* _Dataset section_
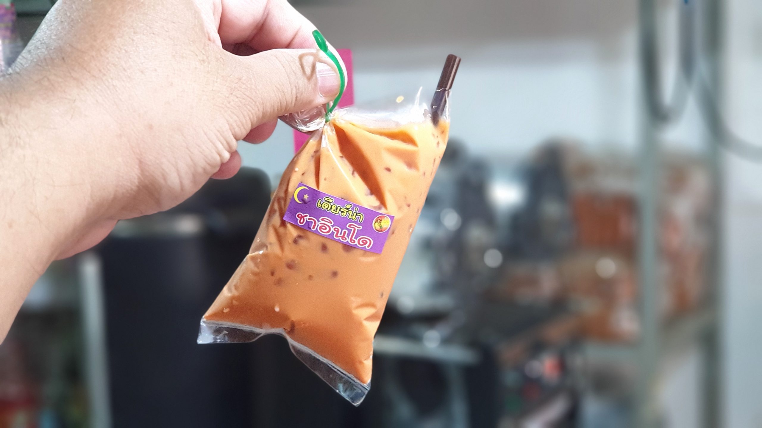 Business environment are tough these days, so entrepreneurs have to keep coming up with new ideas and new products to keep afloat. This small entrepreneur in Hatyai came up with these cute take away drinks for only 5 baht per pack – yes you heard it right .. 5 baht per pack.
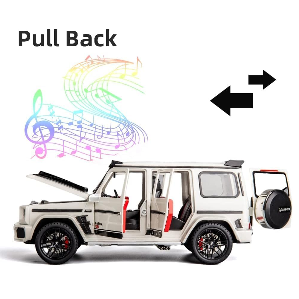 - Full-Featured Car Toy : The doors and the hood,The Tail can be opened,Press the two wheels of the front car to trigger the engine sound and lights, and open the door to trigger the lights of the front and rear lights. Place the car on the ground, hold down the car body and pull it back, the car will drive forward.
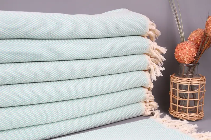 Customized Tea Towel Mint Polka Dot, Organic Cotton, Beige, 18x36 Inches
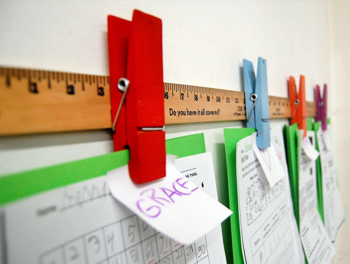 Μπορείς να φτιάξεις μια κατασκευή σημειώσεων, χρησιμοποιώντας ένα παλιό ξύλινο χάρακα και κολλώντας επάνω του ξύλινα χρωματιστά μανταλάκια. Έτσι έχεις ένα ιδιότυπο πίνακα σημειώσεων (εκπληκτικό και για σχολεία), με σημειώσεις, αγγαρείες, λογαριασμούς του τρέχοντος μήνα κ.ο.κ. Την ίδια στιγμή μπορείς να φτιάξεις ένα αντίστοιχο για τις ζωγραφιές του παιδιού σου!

* _Your goal_
Leave out the pictures and repeat exactly the lines from the first line of the data through the line containing "Customized Tea Towel". Add nothing else.

* _Answer section_
 Business environment are tough these days, so entrepreneurs have to keep coming up with new ideas and new products to keep afloat. This small entrepreneur in Hatyai came up with these cute take away drinks for only 5 baht per pack – yes you heard it right .. 5 baht per pack.
 - Full-Featured Car Toy : The doors and the hood,The Tail can be opened,Press the two wheels of the front car to trigger the engine sound and lights, and open the door to trigger the lights of the front and rear lights. Place the car on the ground, hold down the car body and pull it back, the car will drive forward.
 Customized Tea Towel Mint Polka Dot, Organic Cotton, Beige, 18x36 Inches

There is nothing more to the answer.